Public officials joined artists, social philosophers, and reformers in confronting the challenges of modern life. The "state," which comprised public agencies on the national, state, regional, and local levels, was a vital participant in the effort to steer, soften, or limit the impact of economic, social, and cultural changes that followed in the wake of high industrial capitalism in Germany. The state oversaw the finest system of public education in the world, and it sought to ensure that children were trained in the basic skills needed to cope with the demands of an industrial economy (Doc. 1). Children who advanced into secondary schools were drawn as a rule from better-situated families, and their training was oriented towards professional and bureaucratic careers (in the case of boys) or (in the case of girls) towards being the wives of men who pursued those very careers (Docs. 2, 3).

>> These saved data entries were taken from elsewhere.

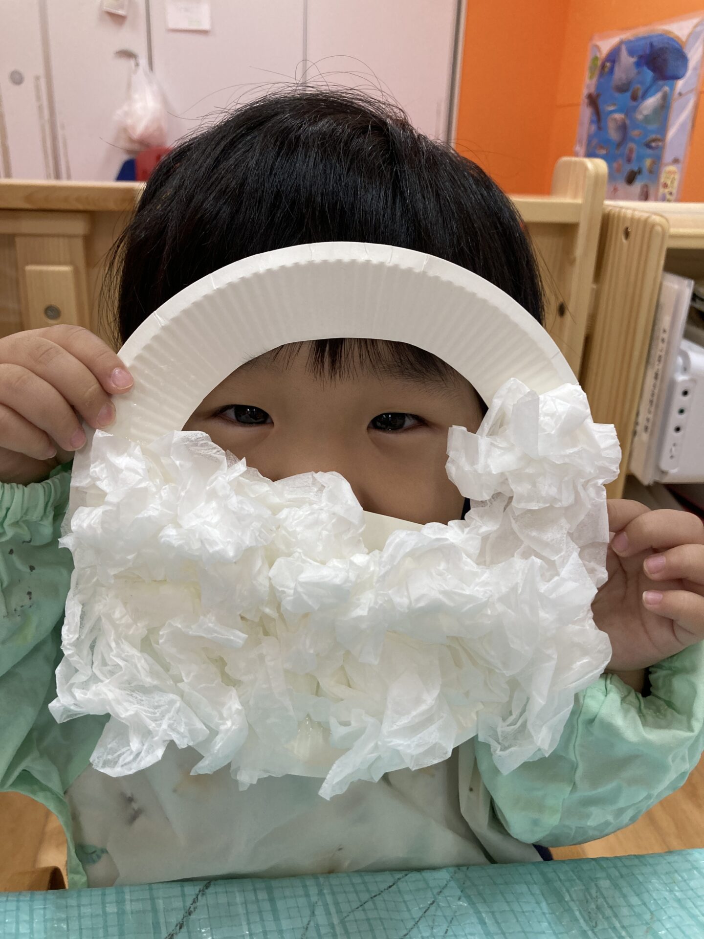 サンタさんのふわふわのおひげは、真っ白なお花紙!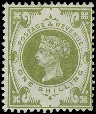 1899 1/- Colour Trial in olive-green on gummed, watermarked paper. Lightly hinged, ex Verus. For SG 211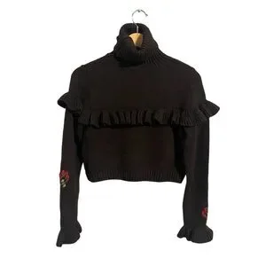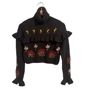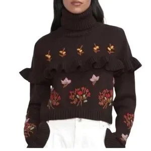 Zara Ruffle Floral Embroidered Sweater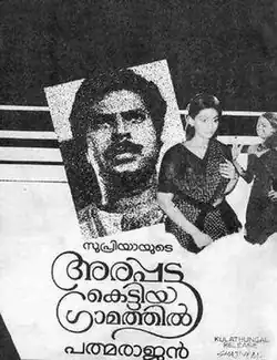 Arappatta Kettiya Gramathil (transl. In the Village Which Wears a Warrior's Belt) is a 1986 Malayalam film directed by P. Padmarajan, based on his own short story of the same name. The film revolves around three people, Zechariah (Mammootty), Hilal (Ashokan), Gopi (Nedumudi Venu), who go to a brothel in a remote village and the problems they had to face there in the next 24 hours. It also stars Gomathi (Gothami), Sukumari Sukumari, Unnimary Unnimary, and Jagathy Sreekumar in other pivotal roles. The movie revolves with the character Gowrikutty acted by (Gothami).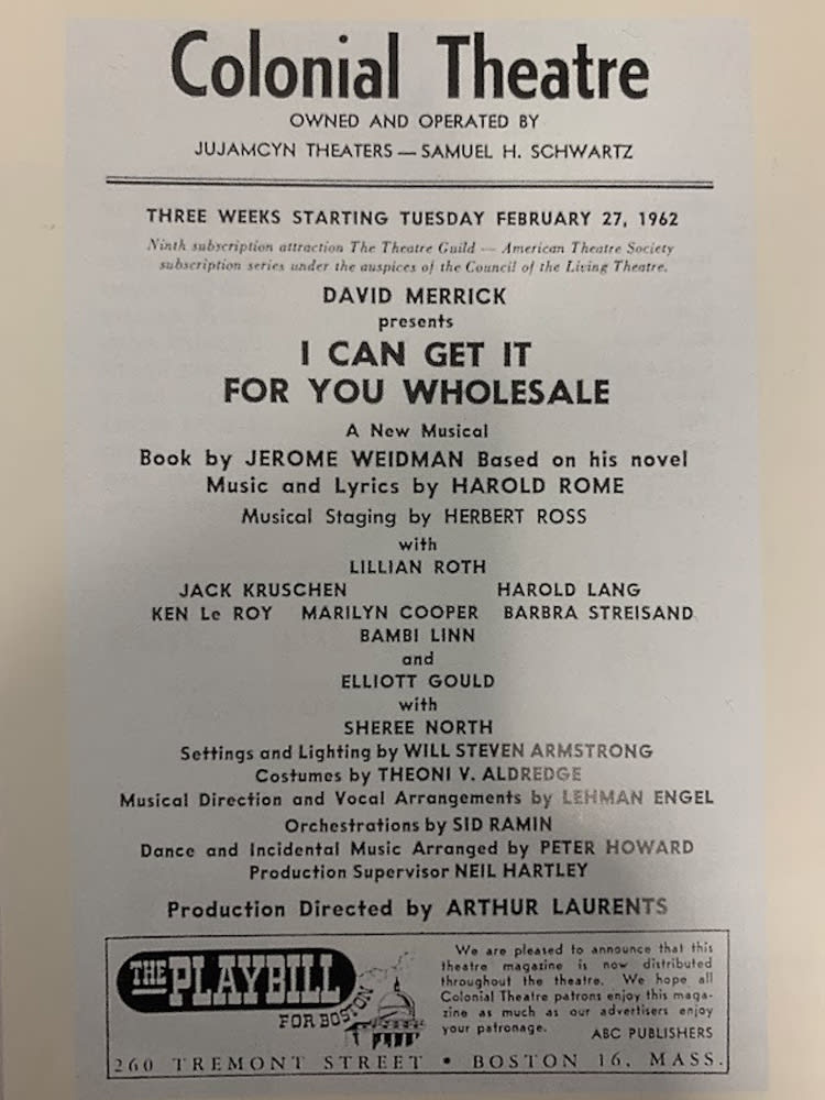 From February 27 - March 17, 1962, Boston audiences were introduced to a 19-year-old Barbra Streisand and a young Elliott Gould in the new musical I CAN GET IT FOR YOU WHOLESALE, directed by Arthur Laurents. With music and lyrics by Harold Rome and book by Jerome Weidman, based on his 1937 novel of the same title, I CAN GET IT FOR YOU WHOLESALE tells the story of an ambitious young businessman artfully clawing his way to the top of the garment industry in 1930s New York.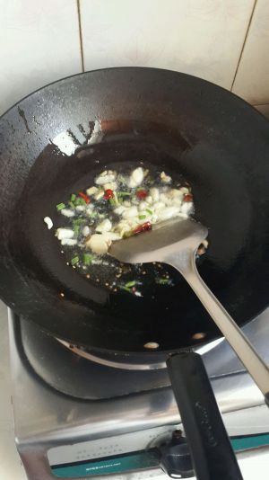锅烧热倒油,葱姜蒜红椒放入炒香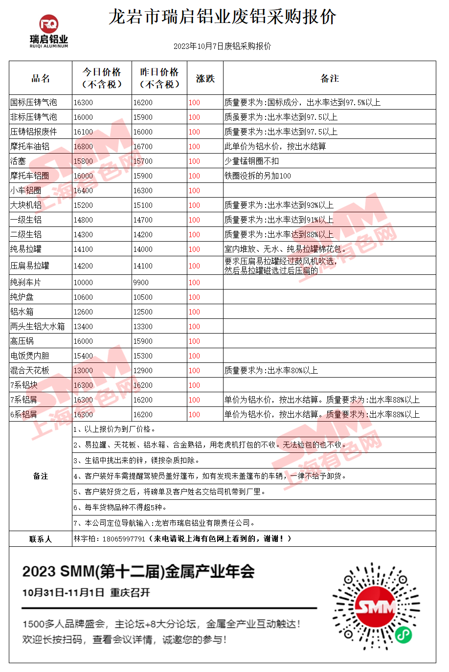 今日龙岩瑞启 废铝采购报价已更新,有货的朋友欢迎联系我们!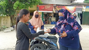 Setelah penyampaian edukasi, tim Kukerta membagikan masker kepada masyarakat sekitar, terutama yang tidak memakai masker.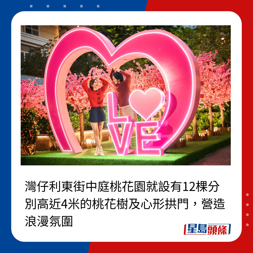 灣仔利東街中庭桃花園就設有12棵分別高近4米的桃花樹及心形拱門,營造浪漫氛圍

The principal object of the state's concern, however, was the industrial working class, whose growth and organization in labor unions and political parties appeared to pose a threat to the social and political order. The repertoire of public policies to deal with this threat included both repression and a remarkably progressive program of protection and social insurance, the basis of which had been laid in the 1880s but underwent significant expansion in the Wilhelmine era, thanks in part to the support of officials like Hans Hermann von Berlepsch, the Prussian Minister of Commerce and Industry in the 1890s (Docs. 4, 5, 6). Public welfare marked out a dimension of a broader phenomenon, which a Socialist economist soon thereafter called "organized capitalism" – the growing interpenetration of public and private institutions, as public bureaucracies sought to promote and regulate economic development, and enterprise itself became increasingly organized along bureaucratic lines (Docs. 7, 8). In this respect, the extension of welfare benefits to white-collar employees in 1911 was a moment of both practical and symbolic significance (Doc. 9, 10).